Continual Learning and Human-in-the-Loop Integration
CEDLog introduces an integrated continual learning loop, aligning post-detection human feedback with elastic model update using EWC. When analysts flag false positives, the flagged samples are incorporated as new training instances in DAG-triggered retraining cycles. EWC adds a Fisher-information-weighted regularization penalty to network parameter updates, protecting knowledge from previous tasks and thus mitigating catastrophic forgetting.
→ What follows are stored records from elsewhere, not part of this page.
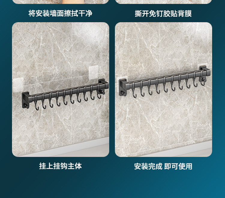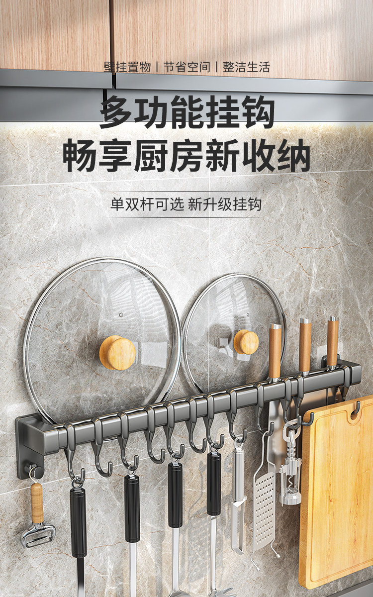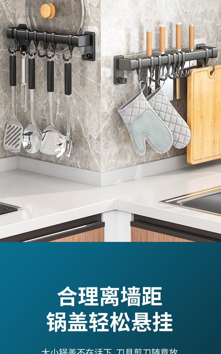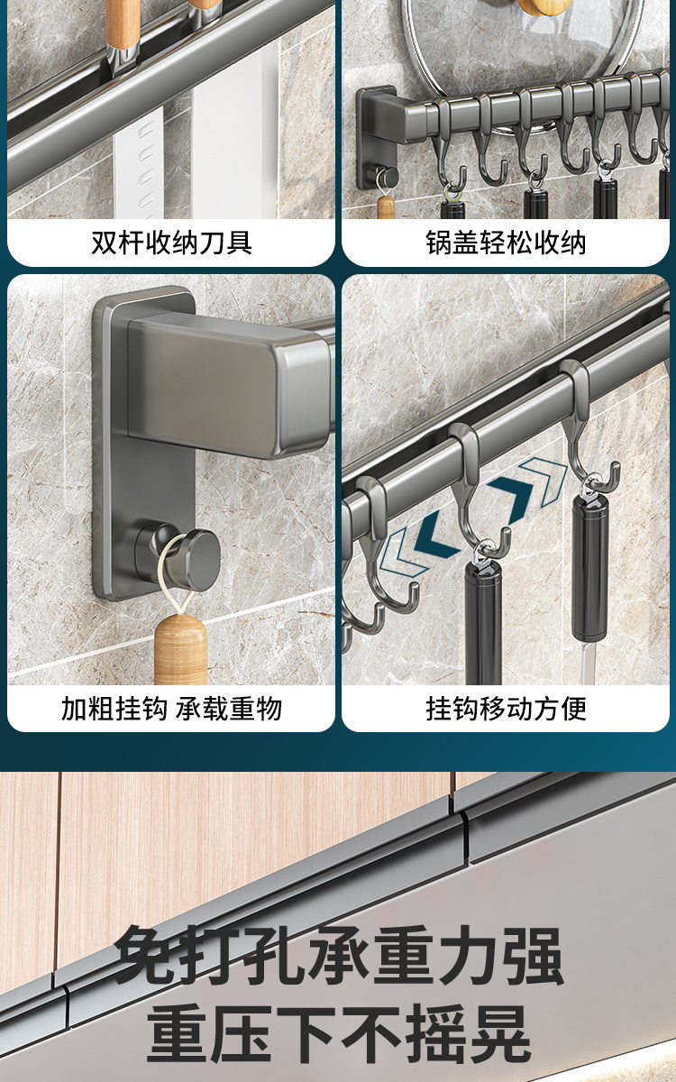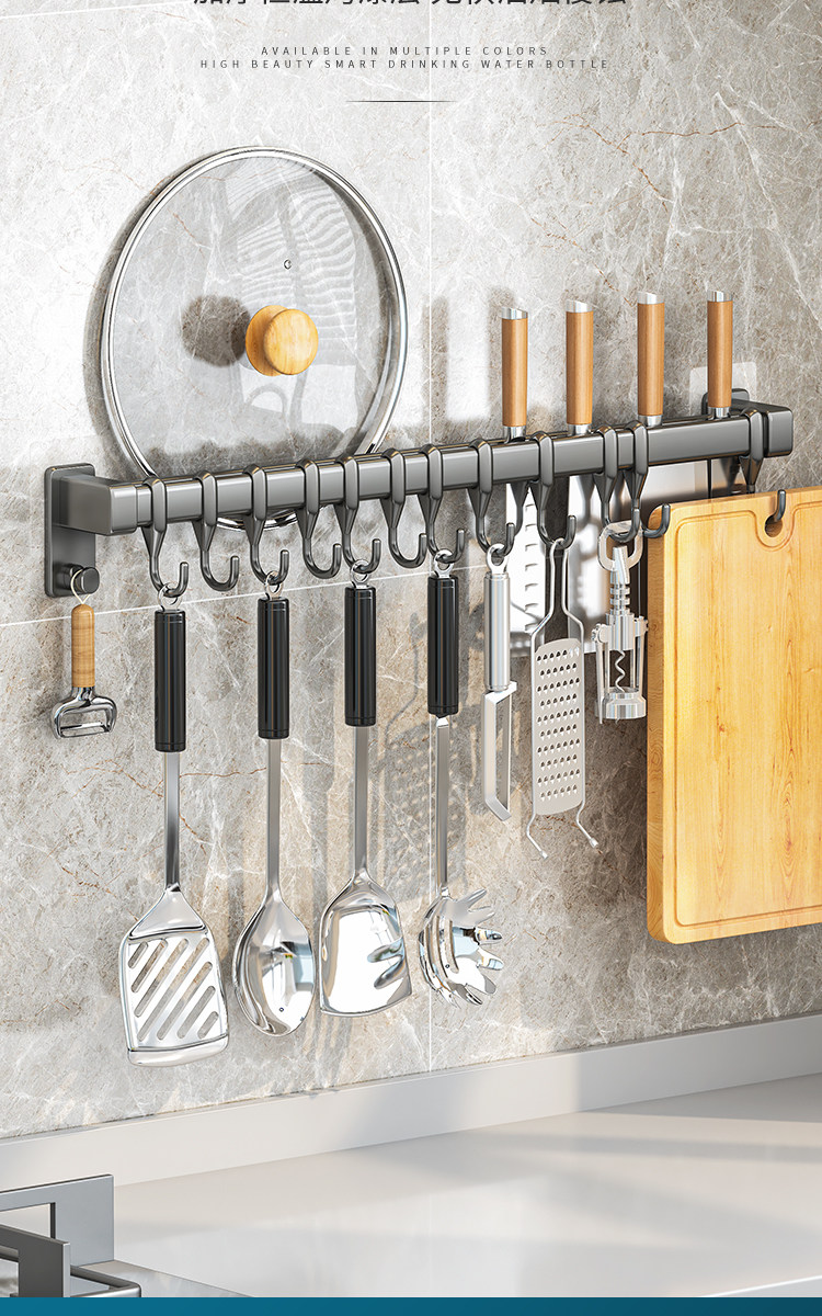 Kitchen Hook Rack, No-Drill Hanging Rod for Knives, Pots, Spoons, Spatulas, Multifunctional Wall-Mounted Storage Rack
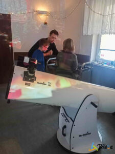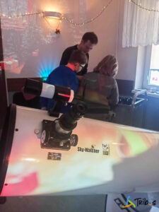 Dla miłośników astronomii przygotowano specjalne stanowisko z profesjonalnym teleskopem. Przemek, entuzjasta astronomiczny, z pasją opowiadał o tajnikach nocnych obserwacji, wprowadzając uczestników w fascynujący świat gwiazd. ![]()
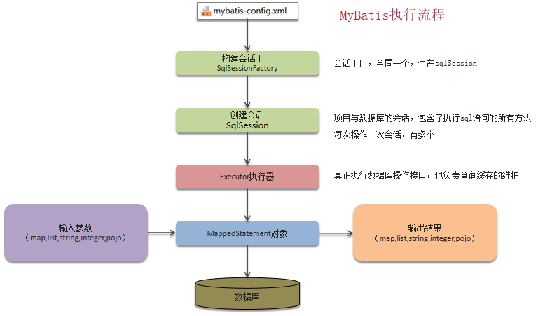 1. 读取MyBatis配置文件:mybatis-config.xml加载运行环境和映射文件 2. 构造会话工厂SqlSessionFactory 3. 会话工厂创建SqlSession对象(包含了执行SQL语句的所有方法) 4. 操作数据库的接口,Executor执行器,同时负责查询缓存的维护 5. Executor接口的执行方法中有一MappedStatement类型的参数,封装了映射信息 6. 输入参数映射 7. 输出结果映射

This architecture supports robust adaptation to evolving log distributions and attack profiles without the accuracy/recall trade-off associated with naive retraining.
Empirical Results
Evaluations on HDFS and BGL benchmarks (2M and 2.5M logs, respectively) demonstrate the framework's effectiveness. In fusion mode, CEDLog attains a precision of 1.0 on HDFS and 0.9196 on BGL, reducing false positive rate to zero (HDFS) and 0.0086 (BGL), with negligible accuracy cost compared to single-model baselines. MLP achieves 0.9747 accuracy on HDFS, while GCN lags slightly; fusion notably eliminates residual errors.
Continual learning via EWC yields improved F1 and precision metrics (up to 0.9886 for precision on BGL), and maintains accuracy across task shifts, directly mitigating catastrophic forgetting. Notably, EWC retrain yields both a lower FPR on the task it is updated on, while sustaining robust recall and accuracy across sequential evaluation steps.
Theoretical and Practical Implications
CEDLog delivers an extensible framework for enterprise-scale log anomaly detection, with key architectural tenets advancing both practical deployment (through distributed orchestration and parallelism) and theoretical robustness (via multi-model fusion and elastic continual learning). Its modularity, CPU orientation, and explicit human-in-the-loop integration position it well for production adaptation in resource-constrained or compliance-driven sectors. The demonstrated improvement in false positive suppression strongly suggests increased practical utility in SOC and security operation environments.
The approach outlined could extend to more general time-series anomaly detection, provenance analysis, or even non-cybersecurity domains where evolving, highly-structured logs are the norm. Future directions identified include containerized (e.g., Kubernetes) scaling, attack simulation tooling (red teaming), and deeper exploration of real-time online learning in heavily multitenant environments.
Conclusion
CEDLog constitutes a technical advance in distributed, continually adaptable log anomaly detection. Its dual-model, fusion-based prediction system, linked with elastic continual learning and scalable orchestration, achieves strong empirical robustness and operational flexibility. The architecture's extensibility and demonstrated low false positive rates underscore its suitability for modern, alert-centric cybersecurity operations and other large-scale anomaly detection deployments.